Analyzing the influence of ionizing radiation on active implants and developing a standardized test method.
A joint project by MR:comp GmbH & Ostbayerische Technische Hochschule Amberg-Weiden (OTH-AW). This work is supported by the German Federal Ministry of Education and Research (BMBF), grant # ZF4205702AW6.

About us


The X-Ray & Molecular Imaging Laboratory is a research laboratory which is located at the Institute of Medical Technology (IfMZ) of Eastern Bavarian Technical Colleges Amberg-Weiden (OTH). Prof. Dr. Ralf Ringler and his team are mainly engaged in Medical Physics (radiology, nuclear medicine and radiotherapy) and imaging in medical diagnosis and therapy.
The existing facilities of laboratories with CT, SPECT and PET as well as cooperation to clinics Nordoberpfalz AG , Amberg and Nürnberg makes it possible to have access to other equipment such as linear accelerators. The interdisciplinary nature and wide-ranging expertise of the institute is the basis for an implementation of the IIIRay project that is both scientifically based and application oriented.
The task and the challenge of the team is the investigation of the influence of ionizing radiation on active implants from a purely scientific, nonmonetary point of view. The project will be conducted both theoretically and experimentally in a systematic and standardized way and includes the publication and discussion of the results in a scientific context, e.g. at conferences and scientific meetings.

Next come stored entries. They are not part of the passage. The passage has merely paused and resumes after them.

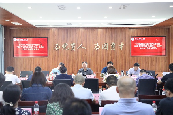 6月9日,学校在行政楼一楼会议室召开“学思想学报告学指示、比觉悟比担当比实绩”动员会,会议由党委书记代贤军主持。
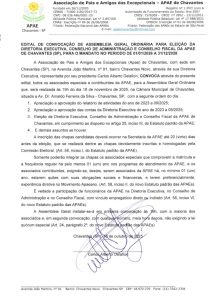 A Associação de Pais e Amigos dos Excepcionais (APAE) de Chavantes convoca todos os associados, pais e contribuintes para participarem da Assembleia Geral Ordinária, que terá como pauta:
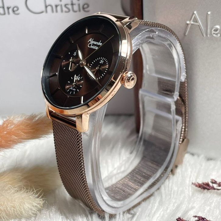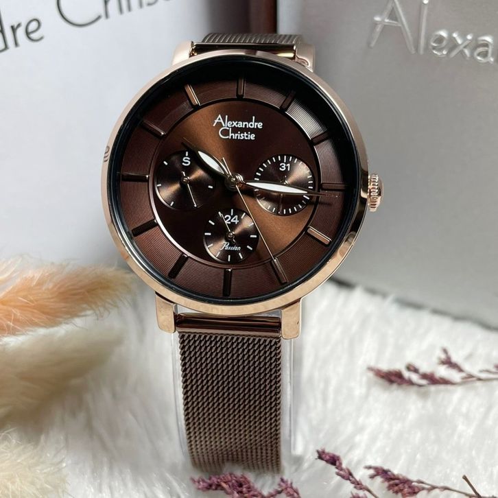 Jam Tangan Alexandre Christie Wanita Rosegold Brown Original Garansi Resmi
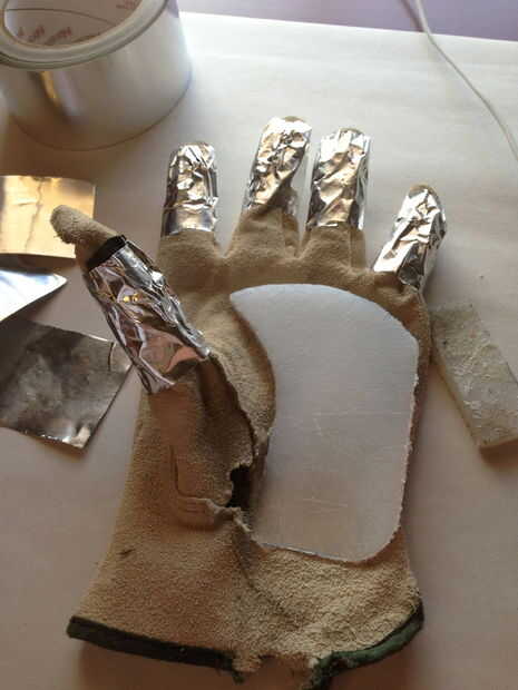 yo no estoy seguro de que lo caro es cinta de aluminio, pero lo tenía tendido alrededor de la casa. Tuve la idea de utilizarlo, no sólo para parchear los agujeros en mis guantes anteriores, pero para un material diferente para el pegamento para montar, y que realmente hace la diferencia. Originalmente pegué mis piezas de tablero de corte directamente a la tela en el guante y no sostuvo bien. El pegamento adhiere mucho mejor con el aluminio y el plástico.

MR:comp GmbH was founded in 2004 by Mr. Gregor Schaefers and has established itself within a few years as a special service provider for MR safety testing of implants and other medical devices. These are tested for various hazardous interactions with the different field types of the MR system (static magnetic field, radio frequency field, gradient magnetic field). The tests comply with methods of the relevant ASTM and ISO/TS standards and are conducted under consideration of quality management according to ISO 17025.
In addition to passive implants and accessories, various types of active implants like cochlear implants, ICDs, and neurostimulators of manufacturers around the world are tested. While interactions of medical devices with the MR environment have been extensively studied and described, available data for active implants under the influence of ionizing radiation is significantly less. Therefore, this project will investigate basic interactions and identify essential hazards of these implants with ionizing radiation.
Our experience in MR safety with the implementation and execution of the necessary functional tests can be transferred to the new field of ionizing radiation and will allow us to rapidly develop a reliable standardized test method.

Our goals

Investigation of the influence of ionizing radiation on active implantable medical devices and the development of a standardized test method.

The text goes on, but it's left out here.